Not available for Comast subscribers yet, hopefully soon but I don't think anybody knows when. Comcast was very slow to allow HBO Go for Roku users but that happened so I would say there is hope.


----------



## tarheelblue32 (Jan 13, 2014)

Comcast is just being their usual obnoxious self. File a complaint with the FCC about it. Maybe if enough people do it, Comcast will get around to allowing it.


----------



## ej42137 (Feb 16, 2014)

tarheelblue32 said:


> Comcast is just being their usual obnoxious self. File a complaint with the FCC about it. Maybe if enough people do it, Comcast will get around to allowing it.


Is there an FCC requirement for HBO Go? What exactly would we be complaining about? I would think complaints would be better sent directly to Comcast.


----------



## tarheelblue32 (Jan 13, 2014)

ej42137 said:


> Is there an FCC requirement for HBO Go? What exactly would we be complaining about?


About Comcast using its monopolistic position in the marketplace to deny its HBO subscribers access to a service that every other major cable company allows.



ej42137 said:


> I would think complaints would be better sent directly to Comcast.


Better still to send a complaint to both Comcast and the FCC. FCC complaints seem to get Comcast's attention.


----------



## Chris Gerhard (Apr 27, 2002)

tarheelblue32 said:


> About Comcast using its monopolistic position in the marketplace to deny its HBO subscribers access to a service that every other major cable company allows.
> 
> Better still to send a complaint to both Comcast and the FCC. FCC complaints seem to get Comcast's attention.

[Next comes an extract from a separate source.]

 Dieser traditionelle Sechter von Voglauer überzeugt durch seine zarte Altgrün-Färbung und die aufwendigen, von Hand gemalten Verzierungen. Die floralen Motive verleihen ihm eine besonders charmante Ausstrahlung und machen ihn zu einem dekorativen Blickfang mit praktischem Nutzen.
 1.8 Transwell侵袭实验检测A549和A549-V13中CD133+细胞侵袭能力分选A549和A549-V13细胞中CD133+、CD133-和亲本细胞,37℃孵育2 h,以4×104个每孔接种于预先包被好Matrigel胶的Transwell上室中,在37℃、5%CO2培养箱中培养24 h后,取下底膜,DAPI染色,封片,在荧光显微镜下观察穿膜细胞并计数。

I sure hope people don't waste time on an FCC complaint like this. Comcast does offer HBO go on PCs, Roku, Amazon Fire TV and I am sure other devices. There is absolutely no way the FCC will ever mandate every cable company offer every service on every device. TiVo is after all a rather tiny niche market and this is a business decision Comcast has the right to make, like it or not.

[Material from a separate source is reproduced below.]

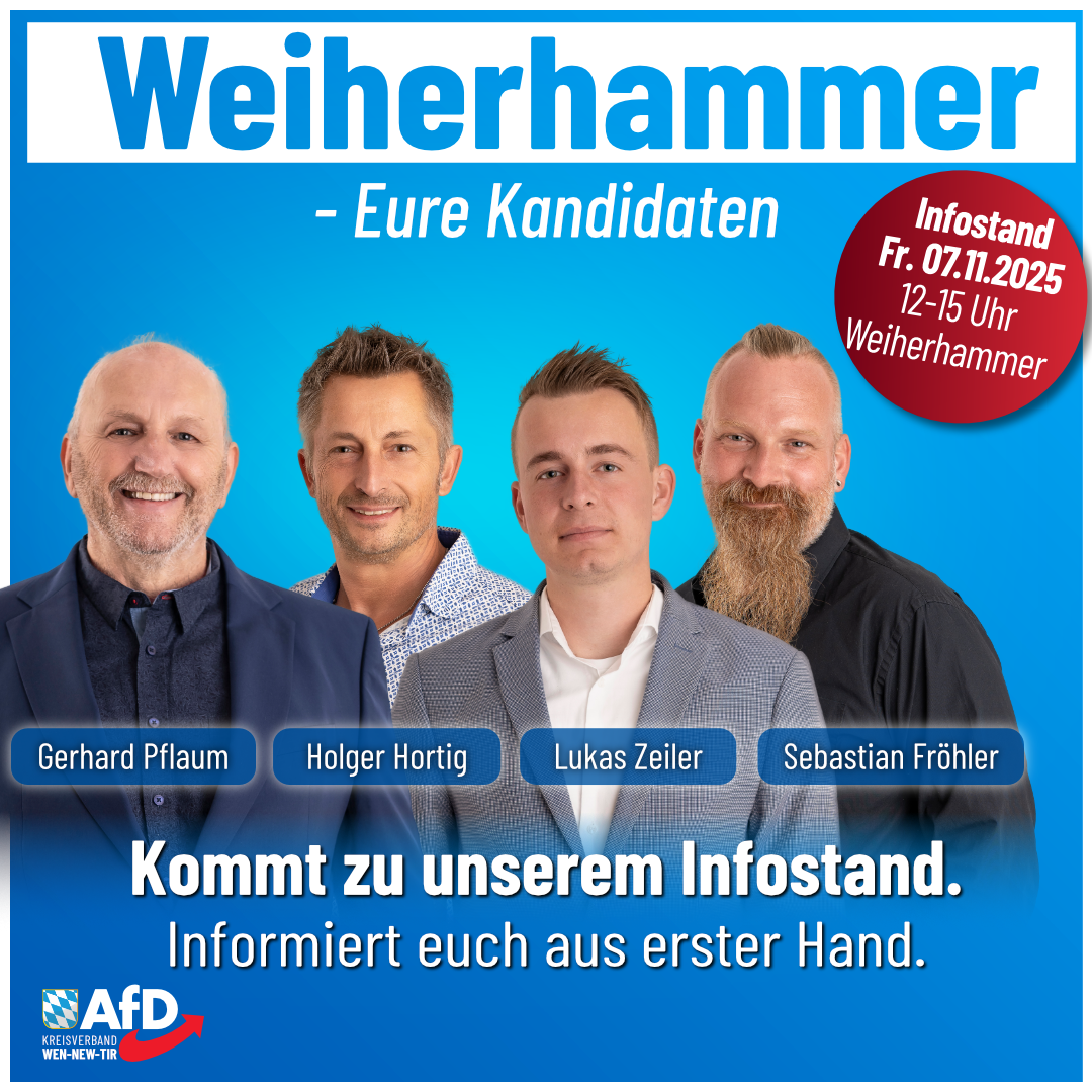 Weiherhammer, wir sind vor Ort! Am Freitag, den 07. November 2025, stehen wir von 12 bis 15 Uhr beim AfD-Infostand in Weiherhammer. Lernt unsere Kandidaten Gerhard Pflaum, Holger Hortig, Lukas Zeiler und Sebastian Fröhler persönlich kennen. 💬 Wir hören zu, sprechen Klartext und beantworten eure Fragen direkt – ohne Filter, ohne Schönfärberei. Ob kommunale Themen, […] |

I do suspect Comcast will offer HBO Go on TiVo but when would be a wild guess.


----------



## tarheelblue32 (Jan 13, 2014)

Chris Gerhard said:


> I sure hope people don't waste time on an FCC complaint like this. Comcast does offer HBO go on PCs, Roku, Amazon Fire TV and I am sure other devices. There is absolutely no way the FCC will ever mandate every cable company offer every service on every device. TiVo is after all a rather tiny niche market and this is a business decision Comcast has the right to make, like it or not.


What is or isn't a waste of time is up to everyone to decide for himself. And filing an FCC complaint literally only takes a few minutes. Probably no more time than it took you to post this comment arguing against it. Was that a waste of time?

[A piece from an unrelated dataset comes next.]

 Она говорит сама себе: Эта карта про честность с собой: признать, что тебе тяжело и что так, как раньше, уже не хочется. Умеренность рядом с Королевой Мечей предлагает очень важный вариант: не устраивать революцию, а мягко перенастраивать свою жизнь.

Regardless, the cable companies (especially Comcast) are arguing to the FCC that the app model is a suitable replacement for CableCard. But if cable companies aren't willing to authorize all the apps related to their service for their customers, then is it really a suitable replacement? If the FCC can mandate CableCards then they could certainly mandate that cable companies authorize all apps as a CableCard replacement. Monopolies (or quasi-monopolies like Comcast) have to be regulated, and therefore don't always get to make every "business decision" they want.


----------



## Chris Gerhard (Apr 27, 2002)

tarheelblue32 said:


> What is or isn't a waste of time is up to everyone to decide for himself. And filing an FCC complaint literally only takes a few minutes. Probably no more time than it took you to post this comment arguing against it. Was that a waste of time?
> 
> Regardless, the cable companies (especially Comcast) are arguing to the FCC that the app model is a suitable replacement for CableCard. But if cable companies aren't willing to authorize all the apps related to their service for their customers, then is it really a suitable replacement? If the FCC can mandate CableCards then they could certainly mandate that cable companies authorize all apps as a CableCard replacement. Monopolies (or quasi-monopolies like Comcast) have to be regulated, and therefore don't always get to make every "business decision" they want.


Comcast does get to make this business decision. File complaints with every government agency at will, it won't make any difference whatsoever. I stated an obvious fact, whether or not Comcast offers HBO Go on TiVo is a business decision which is up to Comcast and will always be up to Comcast.

I would suggest requests to offer the service be sent to Comcast, I don't know if it will help or not but I do know it won't be the certain waste of time whining to the FCC would be. If it would be profitable to offer HBO Go on TiVo and therefore in Comcast's best interests, it should happen. It is probably such a trivial matter, Comcast hasn't given it much consideration yet.


----------